Le texte intégral du discours du Roi du Maroc à l'occasion du 35ème anniversaire de la marche verte.
"Louange à Dieu,.

Prière et salut sur le Prophète, Sa famille et Ses compagnons.

Cher peuple,.

Nous commémorons aujourd'hui le 35e anniversaire de la glorieuse Marche Verte, et Nous sommes fermement déterminé à imprimer une dynamique renouvelée à l'esprit qui y préside. Nous avons engagé à cette fin d'audacieuses initiatives participatives, qui sont autant de Marches durables vouées au développement, à la démocratie et à l'unité.

A cet égard, l'on citera en premier lieu, l'Initiative d'Autonomie, qui vient d'amorcer un tournant décisif, en allant au-delà de l'unanimité nationale et du soutien onusien et international dont elle est l'objet, pour susciter une large adhésion au cœur même des camps de Tindouf, où elle anime désormais la flamme des espérances.

Opérant une rupture avec les approches dont l'inapplicabilité a été confirmée par l'ONU, l'Initiative d'Autonomie, a, de fait, mis en route un processus de négociations onusiennes, positif et réaliste.

Autant la position de notre pays s'est distinguée par un souci de clarté, de dialogue et de réalisme, autant les adversaires de notre intégrité territoriale se sont obstinés à fuir leurs responsabilités et à manigancer pour contrarier la dynamique créatrice enclenchée par l'Initiative d'Autonomie.

Il appartient donc à la communauté internationale d'identifier clairement et sans ambages les responsables des entraves obstruant le processus de négociation. Ce sont, en l'occurrence, les adversaires du Maroc qui persistent dans l'immobilisme, l'intransigeance et la division, au lieu de favoriser la dynamique, le dialogue et la concorde.

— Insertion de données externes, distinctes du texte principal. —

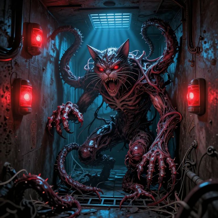 Comic book style A monstrous entity grotesquely melded to the wall in a narrow maintenance shaft, with multiple twisted tentacles extending defensively from its body, Blue light filters through ventilation grilles, casting thin beams across the slick, mutated flesh binding it to the wall, Red emergency lights blink rhythmically, casting an eerie hue on its hideous, toothy maw that screams without sound, Its sinewy tentacles, covered in small, hooked barbs, reach out as if sensing movement, adding a chilling sense of malevolence to the confined space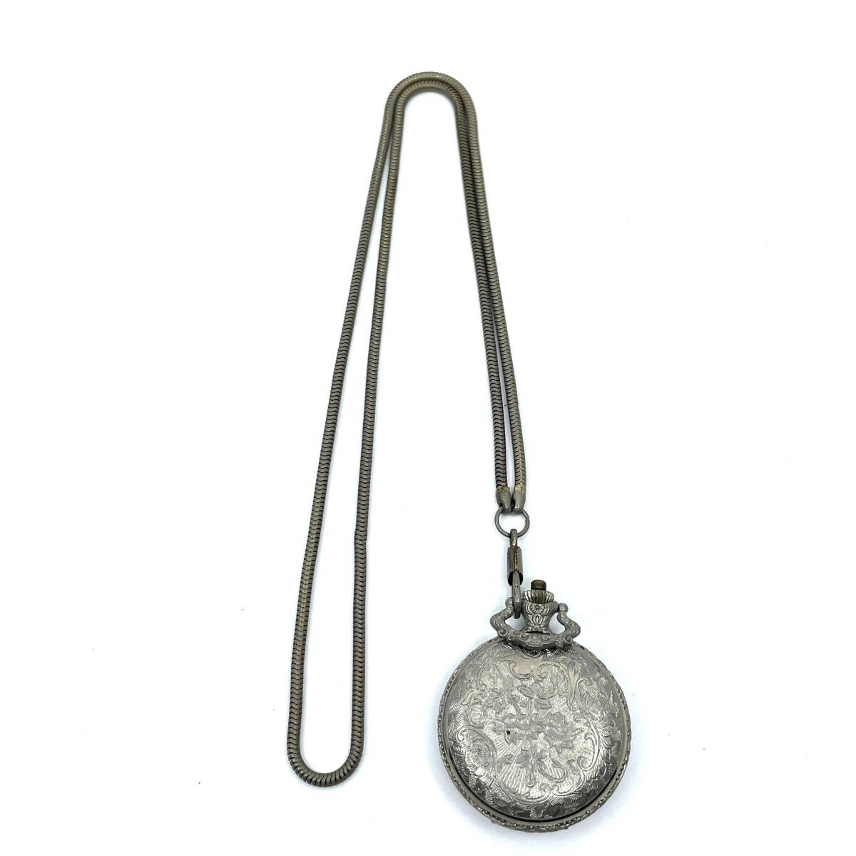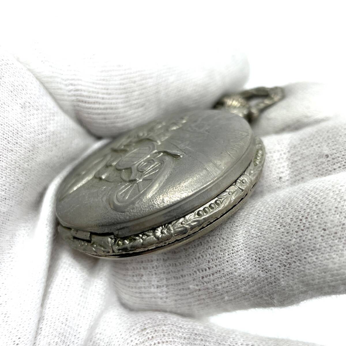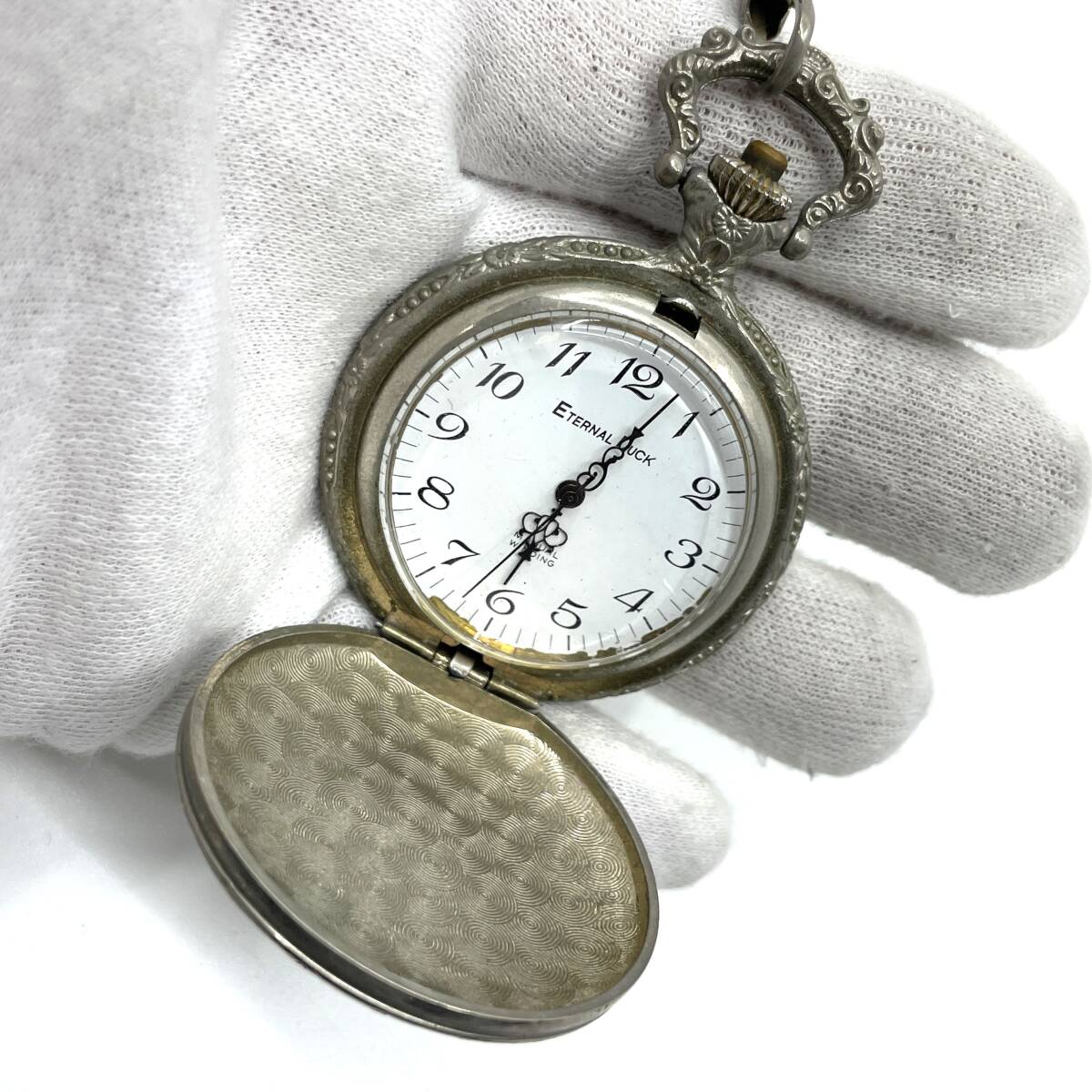 【不動】ETERNAL LUCK エターナルラック 手巻き 懐中時計 白文字盤 シルバー 馬車 人物 チェーン付き ユニセックス 提げ時計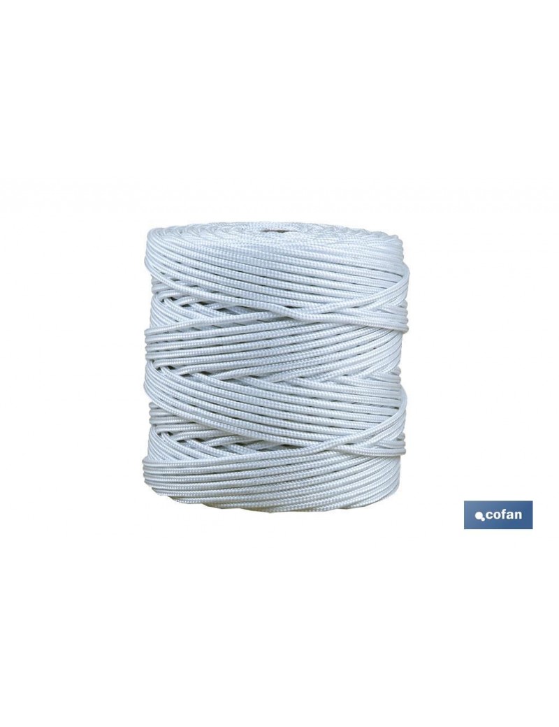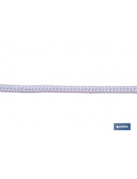 Cordón trenzado de color blanco de 5 mm de diámetro, adecuado para persianas. Cordón con polipropileno en el exterior y alma texturizada. Adecuado para persianas, toldos, redes, invernaderos, etc.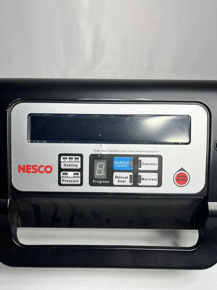 This NESCO VS-12 Food Vacuum Sealer is a versatile kitchen appliance that will help you prepare and store food with ease. With a power source of 120V and a voltage of 130W, this electric vacuum sealer comes in a sleek silver color and is made of durable plastic material. It is perfect for multifunctional food compatibility and features automatic sealing, making it a great addition to any kitchen. This model does not come with a manual or bag, but it has been tested and is guaranteed to work efficiently. Get your hands on this reliable vacuum sealer and enjoy hassle-free food preparation and storage. Wear and imperfections Needs cleaned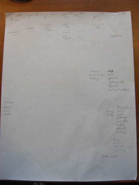 After I’ve put the produce away, I sit down and make my little weekly planning sheet. (Sometimes, this part won’t happen until Thursday or Friday.) Here’s a bad picture of one.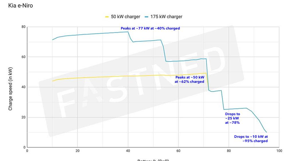 While the article quoted above notes that the DC charging stations can theoretically provide up to 350 kW of power, most EVs aren't built to handle that much of a charge. The Kia Niro EV is limited to a maximum of 77 kW. In theory that suggests that you could fully charge it from 0 - 100% in 50 minutes, but batteries don't charge at a consistent rate: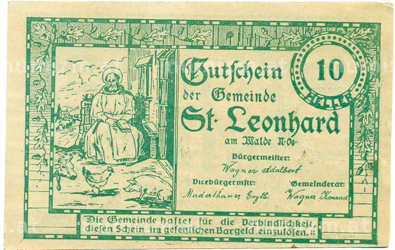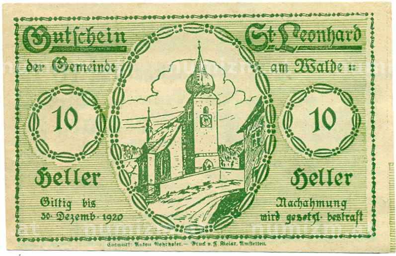 Купить 10 геллеров 1920 года Австрия — Санкта Леонард Ам Вальде (Нотгельд) по привлекательной цене можно в нашем интернет-магазине — Вам достаточно оформить заказ на сайте. Все монеты, представленные в каталоге, находятся в наличии на нашем складе.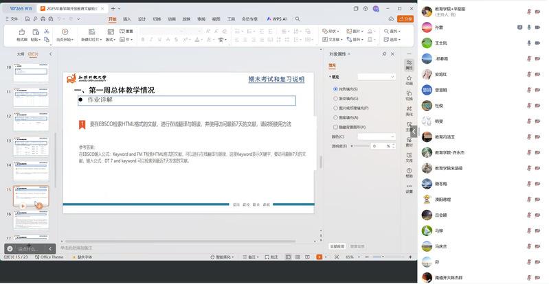 为进一步提升课程导师的专业素养和教学指导能力,提高《文献检索与论文写作》课程的线上教学质量,教育学院于3月3日晚召开了2025春季学期线上教学研讨会。会议由辛甜甜主持,课程负责人孙雷与该课程的各位导师一起参会。

Il est révolu le temps des dérobades où certains pouvaient se soustraire à leurs obligations. L'heure de vérité a sonné pour dévoiler à la communauté internationale les affres de la répression, de l'intimidation, de l'humiliation et des tortures qui sont infligées à nos compatriotes dans les camps de Tindouf, en violation flagrante des principes les plus élémentaires du droit international humanitaire.

Face à cette situation dramatique, Nos fidèles sujets à Tindouf, hommes et femmes, vieillards et enfants, ne cessent d'exprimer courageusement et avec de plus en plus de véhémence, leur opposition croissante à la répression et la tyrannie. Preuve en est que, malgré les contraintes du blocus étouffant qui leur est imposé, ils regagnent massivement leur patrie, le Maroc, se mettant spontanément en phase avec l'Initiative d'Autonomie et l'esprit du projet de régionalisation avancée.

Nous attirons l'attention de la communauté internationale et des organisations des droits de l'homme, pour affirmer qu'il n'est ni équitable, ni acceptable d'afficher tant d'indifférence et de complaisance face à la persistance d'une situation juridiquement saugrenue, humainement dramatique et politiquement inacceptable.

Nous les engageons à prendre leurs responsabilités en mettant un terme à la violation persistante des conventions internationales humanitaires par l'Algérie qui a créé une situation aberrante inédite, notamment en refusant d'autoriser le Haut Commissariat aux Réfugiés à assurer le recensement et la protection des populations des camps.

Nous affirmons, à cet égard, que Nous n'abandonnerons jamais Nos fidèles sujets dans les camps de Tindouf, ni où que ce soit ailleurs. Nous ne ménagerons aucun effort pour qu'ils puissent exercer leurs droits fondamentaux, notamment le droit à la liberté d'expression, de mouvement et de retour à leur mère-patrie.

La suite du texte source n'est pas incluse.